Today we welcomed back one of our respite care patients. She is now going to live with us permanently in our frail care section. She is from Spain, deep in her 90’s and I adore her heavily accented demands and floral frocks. She just came out of hospital, where she was treated terribly. I wish no old person needed to be placed in a hospital ward because it breaks my heart at how they come out of there.. Dear old Elena was so grateful to be back with us today that she wept. She survived the second world war hiding with her family and had a difficult life, but she said the “care” at the hospital was much worse than anything else she has ever endured. Another private hospital is to blame here. How or why do people go to work and decide to ignore patients, or to treat them with disdain and disrespect?

It is very hard to assign blame in the complex healthcare system. The doctors are caught up in a system solely focused on cure, the medical aids have shareholders demanding money, the families battle with guilt if they do not have an advanced health directive to adhere to, and often patients feel guilty for either fighting to survive, or fighting to let go.

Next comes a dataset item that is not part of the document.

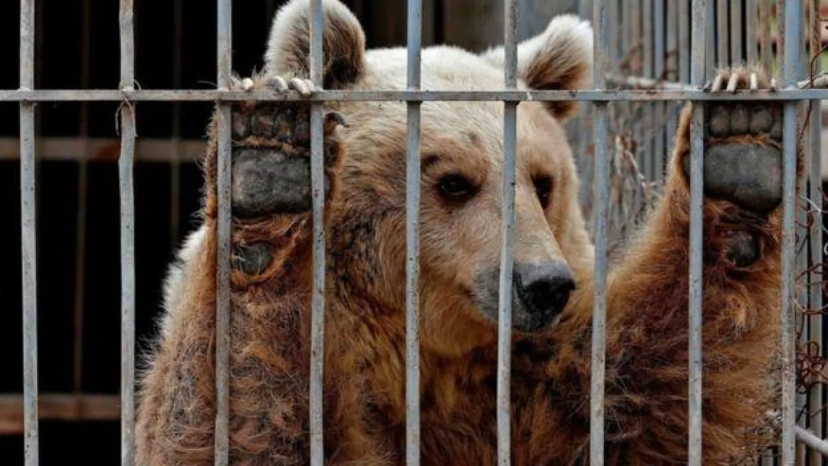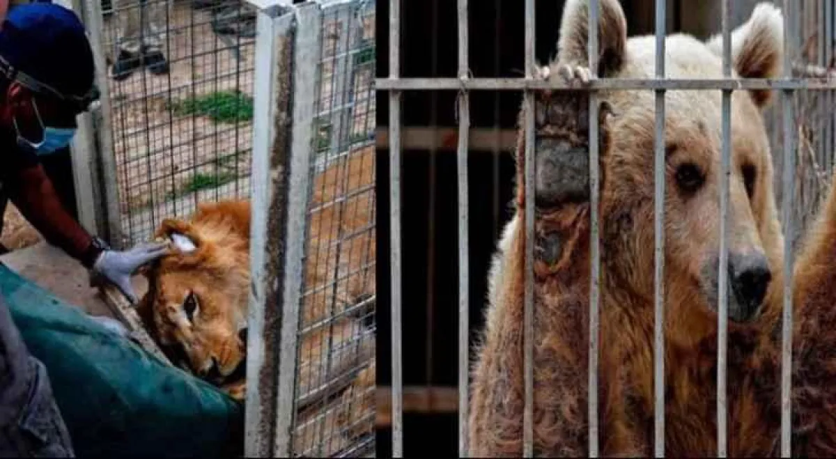 وكانا لا يزالان في قفصيهما وتُغطيهما الأوساخ والفضلات، حيث ان أُنقِذ الحيوانان الوحيدان الناجيان من حديقة الحيوانات بمدينة الموصل في ظل ظروف قاتلة تشهدها المدينة التي مزّقتها الحرب الدائرة هناك لاستعادتها من قبضة مسلحي عصابة داعش.
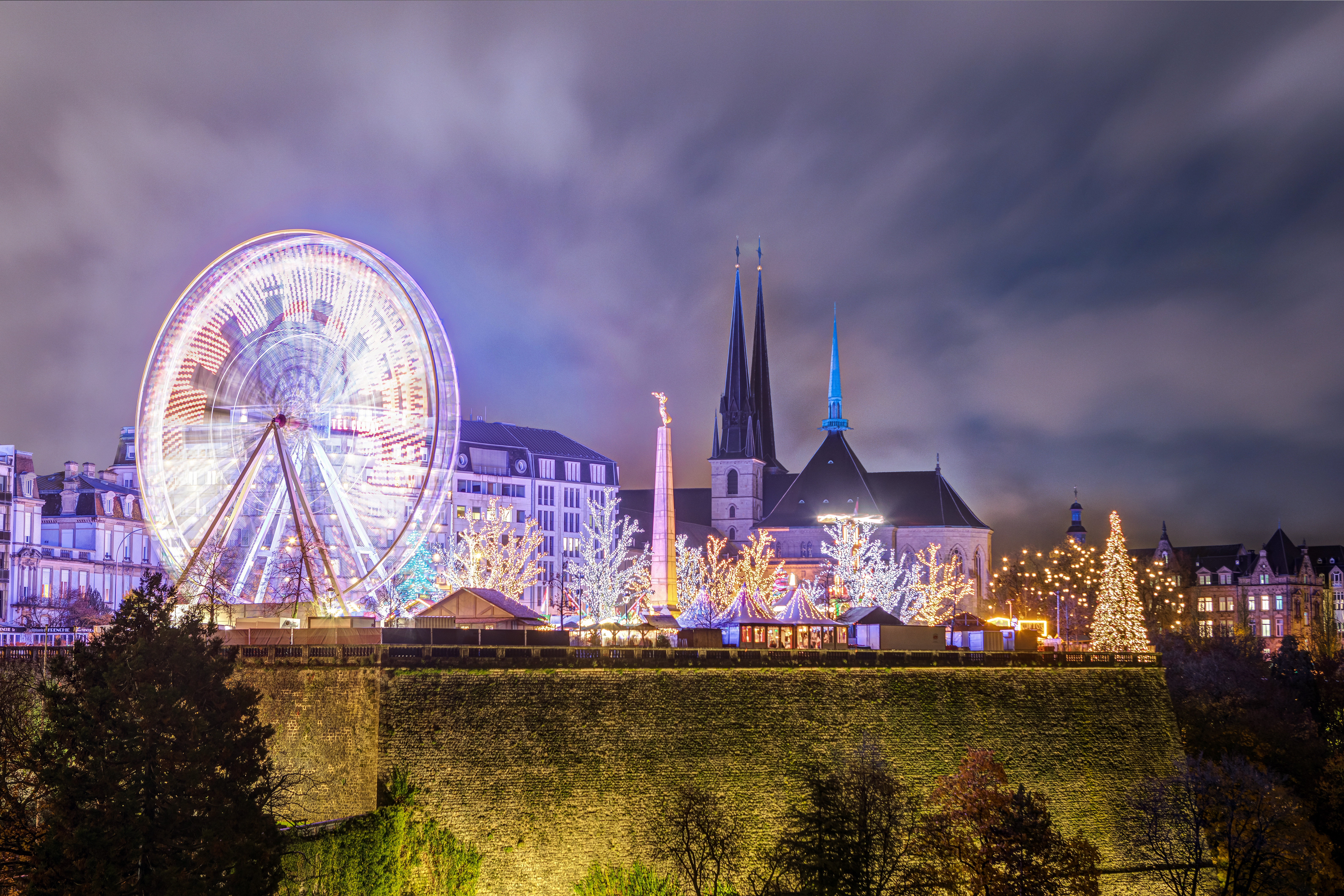 Bei dieser abendlichen Stadtführung entdecken Sie die schönsten Aussichtspunkte der Stadt Luxemburg, umgeben von einer warmen und festlichen Atmosphäre. Genießen Sie Ihren Rundgang durch das Zentrum und das Bahnhofsviertel, vorbei an der Eislaufbahn auf der „Kinnekswiss“ und dem Lichtertunnel am Place des Martyrs. In Begleitung eines offiziellen Stadtführers entdecken Sie während dieser anderthalbstündigen Tour die berühmten Sehenswürdigkeiten und verborgenen Schätze der Festungsstadt. Treffen Sie Ihren Guide vor dem Luxembourg City Tourist Office und beenden Sie Ihre Tour auf dem Weihnachtsmarkt am Place d'Armes, pünktlich zum Afterwork mit Freunden. Am Ende der Führung können die Teilnehmer ein kostenloses Getränk auf dem Weihnachtsmarkt genießen.

This is another reason why palliative care is so important: it is an alternative to acute or curative care, and brings different aspects than hospice care.  I wish we could help people understand  that palliative care does not signify failure to treat. It simply shifts focus. As with most things in life, conversations between parties will help a great deal: between different doctors, allied therapists, families, and most importantly, the patient him or herself. We need to find the balance in these decisions, so that we can give those who need it most the best medical wisdom, with all the compassion they and we need.